図らずも、今週木曜日の”乗り物”回では、JR北海道の不採算路線に関する話題を取り上げました。が、そんなJR北海道、何も利益ばかりを追求しているわけではないのです。

昨冬に話題になったこの記事では、大企業であるJR北海道の人情味が分かります。

北海道紋別郡遠軽町にある石北本線上白滝駅」がこの話の舞台です。

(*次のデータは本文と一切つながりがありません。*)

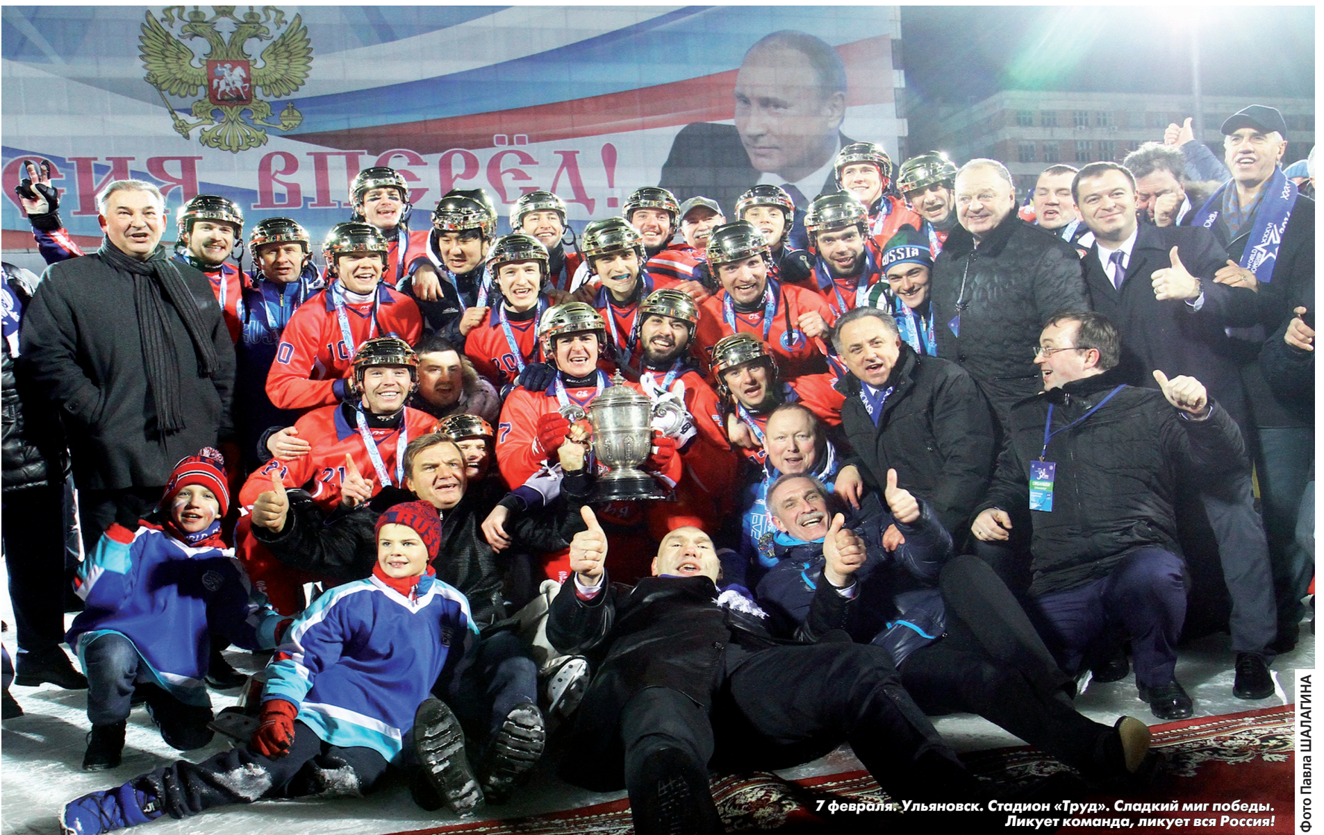
7 февраля. Ульяновск. Стадион «Труд». Сладкий миг победы. Ликует команда, ликует вся Россия!

Впервые в новейшей истории сборная РОССИИ завоевала четвертое «золото» подряд на чемпионатах мира.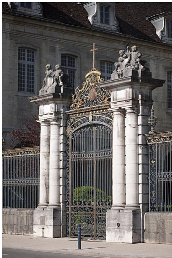
Le portail d'entrée de la cour.

39, Lons-le-Saunier place de l' Hôtel de Ville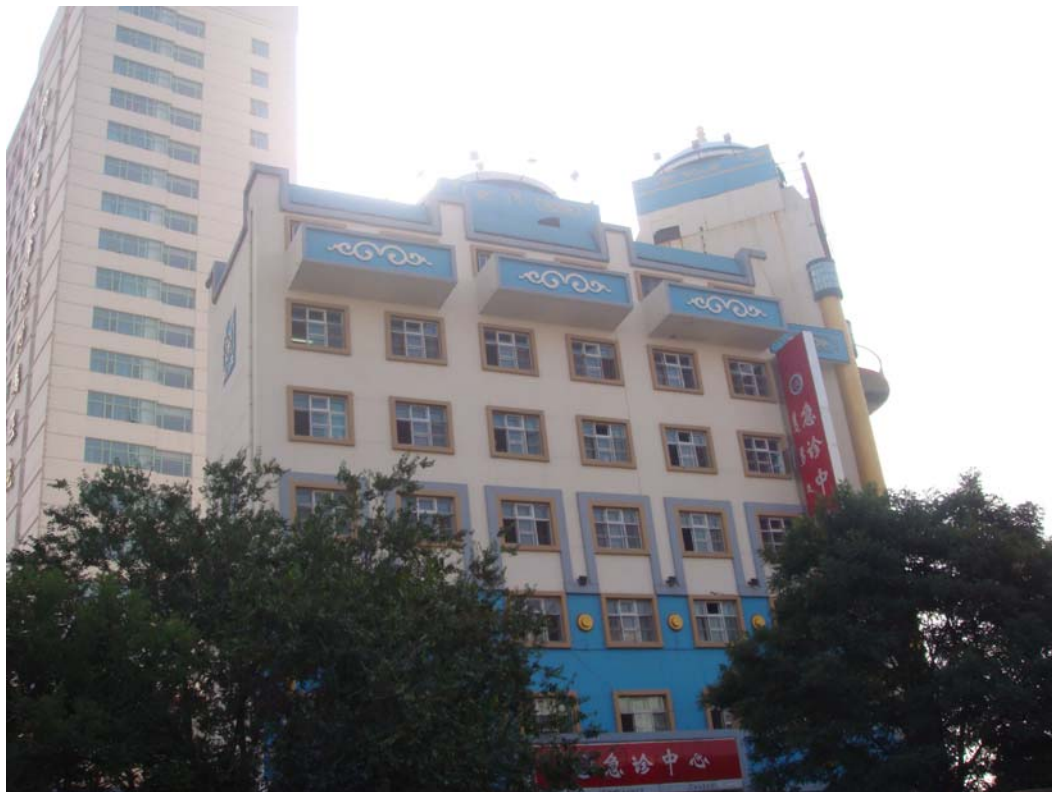
呼號浩特醫院建築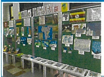
TSUTAYA木野店1Fにて実施 展示パネルはJICAからレンタル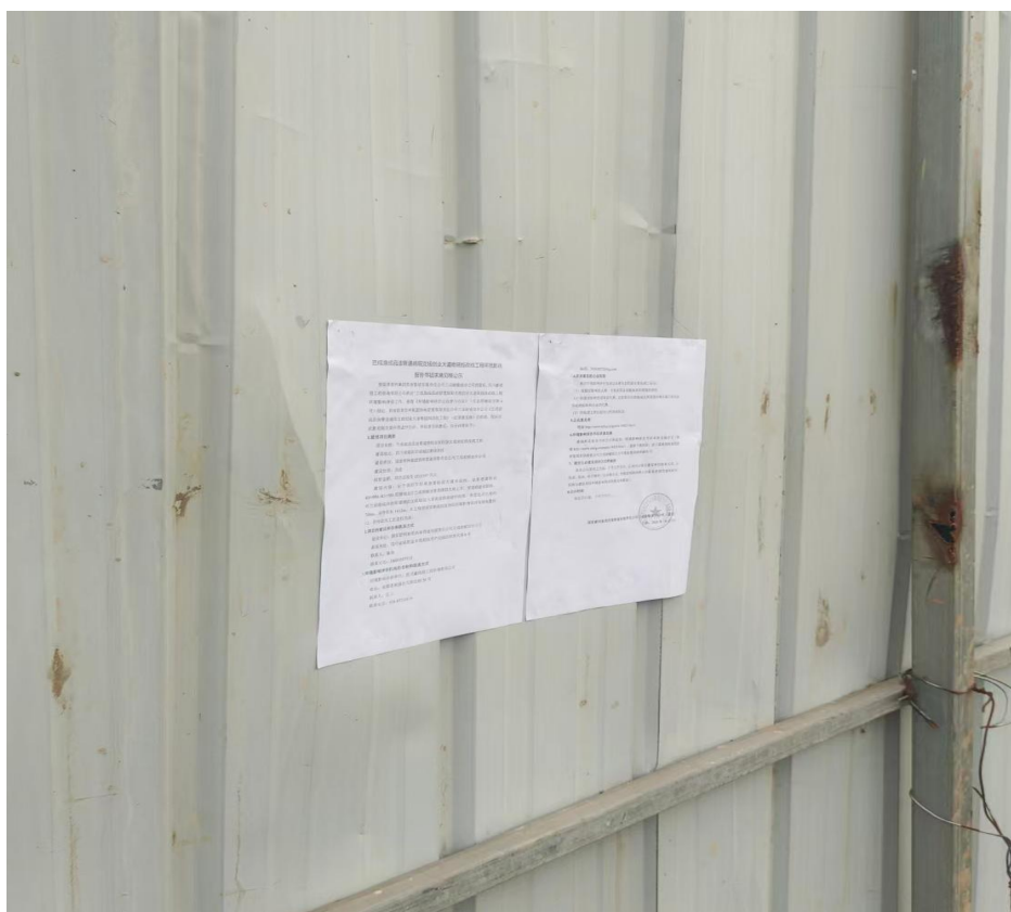
图 4.2.3-1 征求意见稿信息张贴现场照片

この駅に停まる列車は1日に2本、朝夕の1便ずつです。そしてその利用客は、女子高生ただ一人。

そう、彼女の登校に合わせて1本、下校に合わせて1本。つまり、彼女の登下校のためだけに存続していた駅なのです。遠くまで続く雄大な景色が眩しい晴れた日も、切なさ込み上げる秋の夕暮れも、白銀に包まれた冬も、白滝駅は彼女を見守ってきました。

そして今年3月、彼女は高校を巣立っていきました。同時に、彼女のために存続した白滝駅はその役目を終え、廃止となったのです。たった1人の女子高生のために費用を掛けることは無駄と思えるかもしれませんが、この話は海外にも広まり、多くの感動を呼んだのだそうです。JR北海道の懐の深さは、北の大地そのもののようですね。

 

★「博多陥没 『賠償金は必要なところに』受け取り辞退の経営者も」(2016年11月19日)

こちらは最近、何度も取り上げている博多駅前の陥没事故に関連するニュースです。このブログでも、周囲の休業損害、埋め戻しの費用等、莫大な賠償額になるだろうと書いたのですが、そんな中で一部の経営者が、賠償金の受け取りを辞退するそうです。

記事では、「タカラ薬局」や「九州総合診療クリニック」の名前が挙がっていますが、東日本大震災熊本地震など、命が奪われた現実を目の当たりにする中で、命に被害が出なかったことが何よりの幸いだとし、”自分たちの被害は大したこと無い、もっと必要なところに役立ててあげて欲しい”との想いから辞退を申し出たのだとか。

人の命と向き合う仕事ゆえ、よりそうした想いが強いのかもしれませんね。大変な状況にありながら、他を恨まず、他を思い遣ることは、そう簡単なことではありません。

 

 

いかがでしょう、少しだけですが、ホッコリしていただけましたでしょうか。

このところ、殺伐とした暗いニュースばかりが聞かれます。しかし、そうした”異常”な出来事よりも、もっと身近にもっと大切にしなければならないニュースが溢れているはずです。その日頃の何気ない善意に目を向け、自らに置き換えてみようと思います。そうすることで、何より自分自身の心が温まります。

まだまだ日本という国は、そうした善意に満ちた国です。「お・も・て・な・し」は、敢えて口に出してするのではなく、された相手が心地よく感じるような自然な振舞いであるべきです。もっと人に優しく、もっと自分に素直になれれば良いですね。